How is a car loan different from a personal loan
To begin answering the question posed in this article's title, let's use some deductive reasoning.
Premise #1: car loans are loans that are used to buy cars and cars alone.
Premise #2: personal loans are loans that are used for any commercial purpose.
Premise #3: cars are a form of commercial purchase.
Conclusion: therefore, car loans are a type of personal loan, but not all personal loans are car loans.
This is the primary distinction between car loans and personal loans (and unlike some deductive reasoning conclusions, it is correct). While a personal loan can be spent on a car, a car loan does not have anywhere close to the range of spending options that a personal loan does.
A shopper cannot borrow money from a car dealer and then turn around and spend it on a vacation. In fact, he or she probably can't even spend it on other cars. Very often, a car loan is a specific agreement that applies to one vehicle and one vehicle only. A personal loan would never be that restrictive. Here are some other ways in which the two can be compared.
Collateral is an asset of value that can be offered up to a lender in the event that a borrower cannot repay his or her loan. A loan that includes collateral is considered secured, while one that doesn't is unsecured.
In the case of a car loan, it is somewhat likely that a lender will ask that the car itself be used as collateral. This way, it can be repossessed by the lender and ensure that the arrangement won't have resulted in a net loss. Car loans are almost always secured. This is just the nature of the market.
There is a much greater likelihood of getting an unsecured loan if it is a personal loan. Especially if a person has a good credit history, finding a lender to sign on to an unsecured loan shouldn't be all that difficult.
The deposit, or rather, the down payment, is a critical part of most car financing agreements.

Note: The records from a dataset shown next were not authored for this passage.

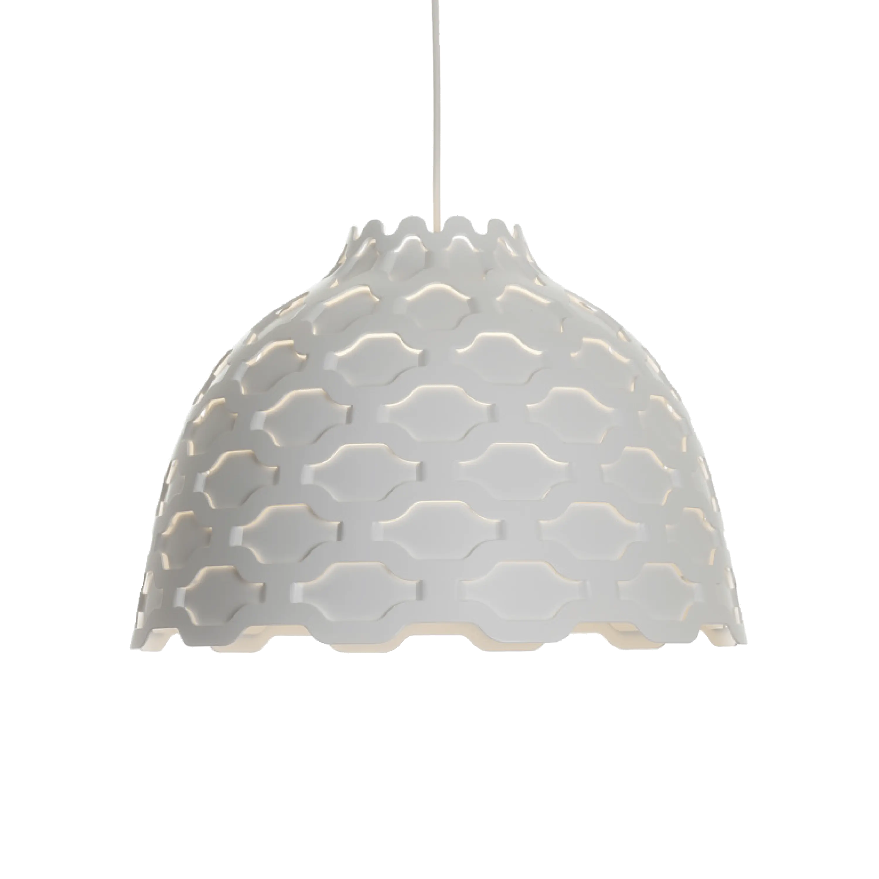 The concentrated light from the light source is filtered through an opalescent diffuser to ensure soft, comfortable light distribution. The softened light creates a pleasant atmosphere within the shade and ensures a gentle lighting effect on the outside, helping to illuminate and define the product's shape when lit. The aim was to create comfortable and atmospheric lighting fixture in both private and public settings. The starting point is a flat sheet of aluminium which is worked into the bell-shaped shade. The shade pattern is cut and pressed to form two interactive layers, through which the light is emitted in a high-precision pattern. The 3 mm thick shade ensures a very solid fixture, suitable for applications ranging from children's rooms to executive areas.
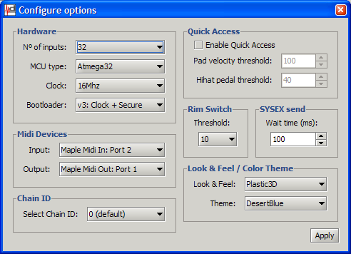 6. Run MCT. Go to Options->Configure... and select 'Maple Midi In: Port 2' as Input an 'Maple Midi Out: Port 1' as Output and click Apply.
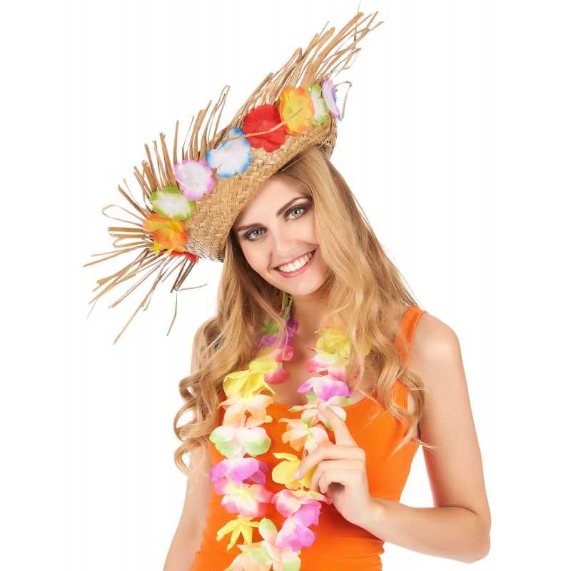 Chapeau de paille vraiment fun et original, avec des fleurs synthétiques de type hibiscus pour se déguiser comme si vous passiez vos vacances à Hawaï, à Tahiti ou dans les Caraïbes.
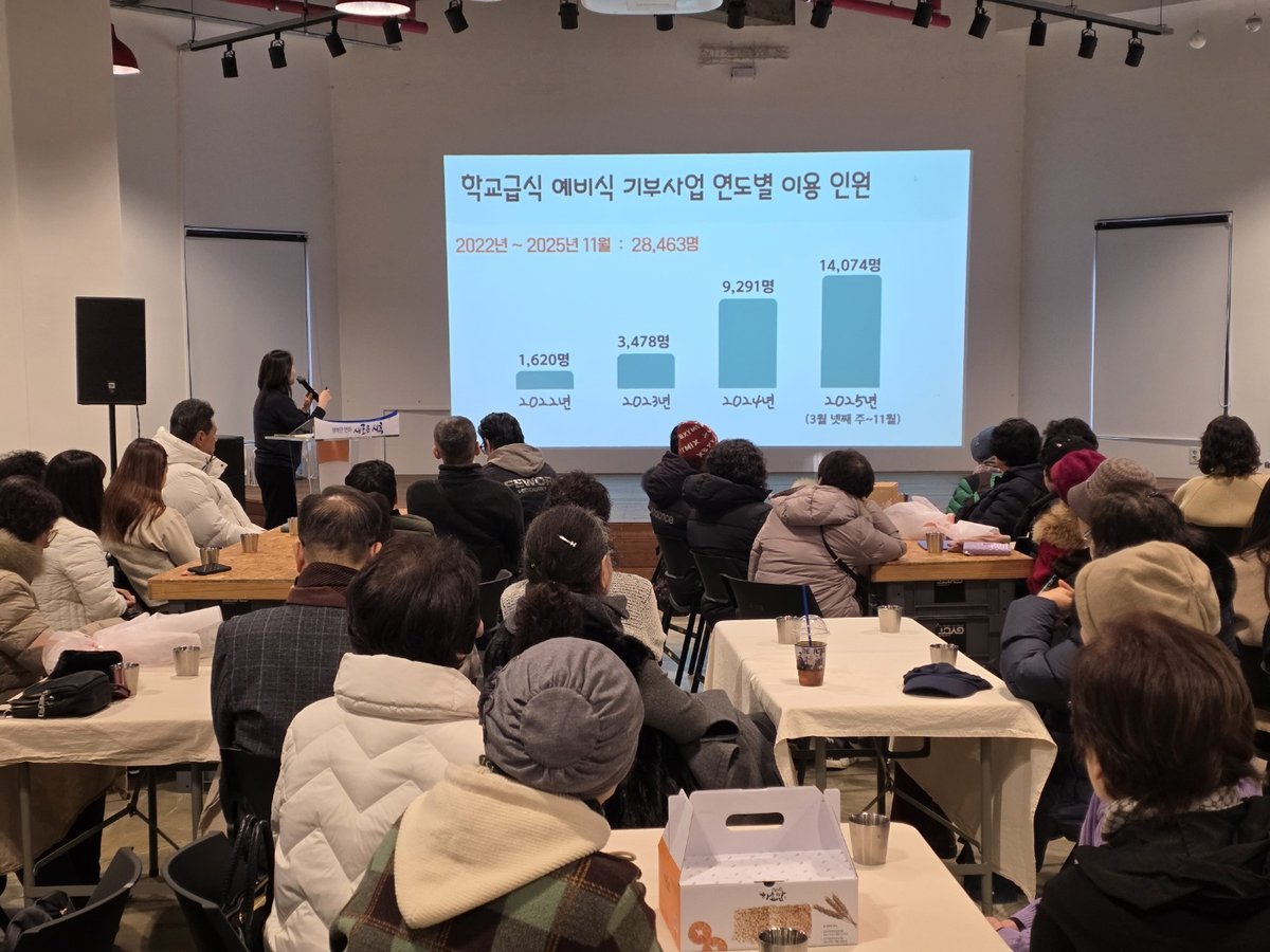 학교급식 예비식 기부사업 연말 간담회 현장 [PEDIEN] 시흥시학교급식지원센터는 지난 12월 15일 청년협업마을 가치관 다목적홀에서 ‘2025년 학교급식 예비식 기부사업 연말 간담회’를 열고 한 해 동안의 성과를 공유했다.이날 간담회에는 시흥시농업기술센터, 시흥시교육지원청, 학교급식지원센터 관계자를 비롯해 예비식 기부사업에 참여한 학교의 영양사, 복지기관 실무자, 자원봉사자, 배송 담당자 등 70여 명이 참석했다.행사는 올해 활동을 담은 영상 상영을 시작으로 예비식 기부사업 성과 발표, 참여 기관과 실무자들의 사례 발표, 향후 발전 방향 논의 순으로 진행됐다. 참석자들은 사업 운영 과정에서의 경험과 개선점을 공유하며 지속 가능한 먹거리 나눔 체계 구축을 위한 의견을 나눴다.학교급식 예비식 기부사업은 학교급식 배식에 사용되지 않은 깨끗한 음식을 활용해 지역 내 먹거리 취약계층에 도시락 형태로 제공하는 사업이다.올해 4월부터 11월까지 총 340회에 걸쳐 1만 4천여 명에게 먹거리를 제공하며 음식물쓰레기 감축과 지역 먹거리 복지 향상에 크게 이바지했다.이미경 센터장은 “2022년 5개 학교와 1개 복지기관으로 시작한 예비식 기부사업이 2025년에는 24개 학교와 6개 복지기관으로 확대됐다”라며, “2026년에도 지속가능한 먹거리 나눔 체계를 구축할 수 있도록 노력하겠다”라고 밝혔다.김익겸 시흥시 농업기술센터소장은 "학교급식 예비식 기부사업에 함께한다는 것이 쉽지 않은 일임을 안다”라며 “시흥시민 누구나 건강한 식사를 보장받을 수 있도록 힘써주시는 많은 분에게 감사드린다”라고 말했다. -
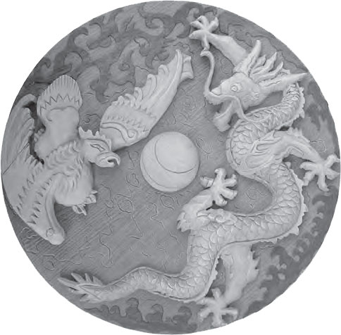 «Дракон и феникс, играющие луной» Резьба по дереву в исполнении М. Роттера
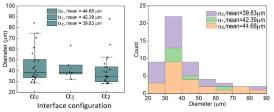 The quantitative analysis of pores was carried out using Phenom Phorometric analysis which is attached as Supplementary Materials of this paper. The mean pore size of α0, α1, and α2 are 44.7 μm, 42.5 μm, and 39.8 μm, respectively. Many pores are found in the α2 specimen with the lowest diameter. The distribution can be seen in Figure 8. α0 exhibits 22 pores with an average pore area ratio of 9.09%, calculated for one image. Observing the α1 image, six pores with an average pore area ratio of 1.13% are found, calculated for one image; whilst 23 pores are found for α2 with an average pore ratio of 4.96%, calculated for one image. The higher pore area ratio indicates the weaker welding joint. The α0 specimen shows a big amount of porosity since no melting existed at the steel and brass interfaces. Gaps on the interfaces take place in pore forms. The existence of a gap indicates that there is trapped air that forms visible pores. Big porosity on the welded joint enables a long crack in form of a line, and the product of corrosion spread over the joint surface. Based on microphotograph only, the strongest joint may be provided by the α1 specimen since this joint has the smallest porosity ratio. This confirms the macrophotograph of Figure 4 and the SEM/EDS analysis of Figure 8. On the α2 specimen, more porosity can be seen compared to α1. Although melting takes place at the interface of steel and brass, higher porosity and impurity decrease the strength of the joint. The decreased diameter and lower melting point of brass produces more brass deposit on α2 than on α1. In short, it can be said that the result of the SEM/EDS and porosity analysis supports the results of the SCC test: the strongest joint is obtained from the α1 configuration followed by α2 and α0, sequentially.

It puts a significant sum of money in the lenders' hands immediately, which is always valuable from their perspective. It might also affect how the rest of the loan ends up being structured, since a large down payment could ease a lender's level of stinginess.
In that sense, car loans and personal loans differ greatly. Since the entire purpose of a personal loan is to give someone more money in the present, requiring that person to lay down a cash deposit negates the purpose of what the loan is actually accomplishing. Therefore, an individual who wants to buy a car—but doesn't have the immediate funds for a down payment—would be better off getting a personal loan than a car loan.
Aside from the deposit factor, personal loans and car loans come with a pretty similar repayment model. Scheduled payments are made over a pre-determined period of time. There may or may not be an opportunity to accelerate or restructure payments after they have decided upon.
The major thing to note, and is one which applies to both sorts of loans, is whether the borrower is paying a fixed or variable interest rate. A fixed rate will stay the same over time, while a variable rate will be subject to market fluctuations that could fall in the borrower's favour or work against it.
Car loans tend to have a fixed rate structure. With personal loans, it is more up to the discretion of the lender and borrower.